Significance. If the stated bounds and their matching hold, the work would be a notable contribution to post-training quantization by supplying the first matching lower/upper bounds for the combined low-precision plus low-rank setting and a practical algorithm that achieves the improved residual-norm scaling without additional training. The explicit integration of the low-rank correction into the quantization pass via Hessian augmentation and the guaranteed monotonicity of the Bid-Up refinement are concrete strengths that could influence follow-on algorithm design.

major comments (1)
  1. [Abstract] Abstract: the claim that the derived upper bounds match the information-theoretic lower bounds 'in their dominant scaling, up to constants and mild factors' under 'natural structural assumptions' is the load-bearing statement for the 'near-optimal' characterization, yet the abstract (and therefore the central theoretical contribution) provides no explicit definition or statement of those assumptions (e.g., incoherence, RIP, or spectral conditions on X or W). Without them the matching cannot be verified and the experimental calibration matrices cannot be checked against the proof hypotheses.

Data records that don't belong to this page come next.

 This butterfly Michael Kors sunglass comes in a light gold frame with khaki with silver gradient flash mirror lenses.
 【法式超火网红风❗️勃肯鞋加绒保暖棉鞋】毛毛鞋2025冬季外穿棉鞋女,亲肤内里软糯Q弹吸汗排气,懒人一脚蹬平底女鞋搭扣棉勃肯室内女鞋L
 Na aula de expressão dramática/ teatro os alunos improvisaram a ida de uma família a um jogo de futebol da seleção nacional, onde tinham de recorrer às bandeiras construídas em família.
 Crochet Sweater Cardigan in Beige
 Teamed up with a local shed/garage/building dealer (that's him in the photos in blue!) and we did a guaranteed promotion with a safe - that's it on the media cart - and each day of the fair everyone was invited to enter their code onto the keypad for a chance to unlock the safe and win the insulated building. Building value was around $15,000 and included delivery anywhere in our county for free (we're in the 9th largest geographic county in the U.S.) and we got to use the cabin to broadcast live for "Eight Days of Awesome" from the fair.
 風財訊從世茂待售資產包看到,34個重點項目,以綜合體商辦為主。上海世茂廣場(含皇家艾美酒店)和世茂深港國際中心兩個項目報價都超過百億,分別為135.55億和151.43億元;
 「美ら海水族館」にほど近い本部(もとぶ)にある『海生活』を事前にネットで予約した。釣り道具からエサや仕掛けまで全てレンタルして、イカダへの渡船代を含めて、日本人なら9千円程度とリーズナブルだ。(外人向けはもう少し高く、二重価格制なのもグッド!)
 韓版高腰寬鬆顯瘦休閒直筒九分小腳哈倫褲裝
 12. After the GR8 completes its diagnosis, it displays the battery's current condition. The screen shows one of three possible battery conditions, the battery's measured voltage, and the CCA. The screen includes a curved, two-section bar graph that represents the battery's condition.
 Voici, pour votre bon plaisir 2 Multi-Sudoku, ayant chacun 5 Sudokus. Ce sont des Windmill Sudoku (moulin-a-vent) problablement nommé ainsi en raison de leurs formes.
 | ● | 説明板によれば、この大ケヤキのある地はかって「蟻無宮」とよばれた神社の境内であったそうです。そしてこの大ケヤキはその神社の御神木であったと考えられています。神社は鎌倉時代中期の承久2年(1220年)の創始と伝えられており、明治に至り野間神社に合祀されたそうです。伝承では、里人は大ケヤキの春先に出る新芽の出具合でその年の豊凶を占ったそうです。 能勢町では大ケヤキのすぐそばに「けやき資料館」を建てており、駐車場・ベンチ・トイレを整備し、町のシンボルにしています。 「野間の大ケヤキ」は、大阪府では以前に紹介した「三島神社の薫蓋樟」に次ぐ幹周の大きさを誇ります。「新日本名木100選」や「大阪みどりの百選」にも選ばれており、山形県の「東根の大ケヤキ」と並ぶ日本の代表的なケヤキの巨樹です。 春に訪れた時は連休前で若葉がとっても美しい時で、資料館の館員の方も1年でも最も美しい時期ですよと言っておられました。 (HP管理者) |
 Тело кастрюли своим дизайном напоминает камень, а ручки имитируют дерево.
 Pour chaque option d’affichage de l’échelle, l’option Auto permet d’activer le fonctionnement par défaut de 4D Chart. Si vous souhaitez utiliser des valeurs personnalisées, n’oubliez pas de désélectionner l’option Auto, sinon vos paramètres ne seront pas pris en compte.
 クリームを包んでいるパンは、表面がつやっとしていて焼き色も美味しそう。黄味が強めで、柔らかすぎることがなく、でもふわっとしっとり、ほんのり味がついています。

Simulated Author's Rebuttal

1 responses · 0 unresolved

We thank the referee for the thoughtful review and for highlighting the need for greater clarity in the abstract. We address the single major comment below and will incorporate the suggested revision.

read point-by-point responses
  1. Referee: [Abstract] Abstract: the claim that the derived upper bounds match the information-theoretic lower bounds 'in their dominant scaling, up to constants and mild factors' under 'natural structural assumptions' is the load-bearing statement for the 'near-optimal' characterization, yet the abstract (and therefore the central theoretical contribution) provides no explicit definition or statement of those assumptions (e.g., incoherence, RIP, or spectral conditions on X or W). Without them the matching cannot be verified and the experimental calibration matrices cannot be checked against the proof hypotheses.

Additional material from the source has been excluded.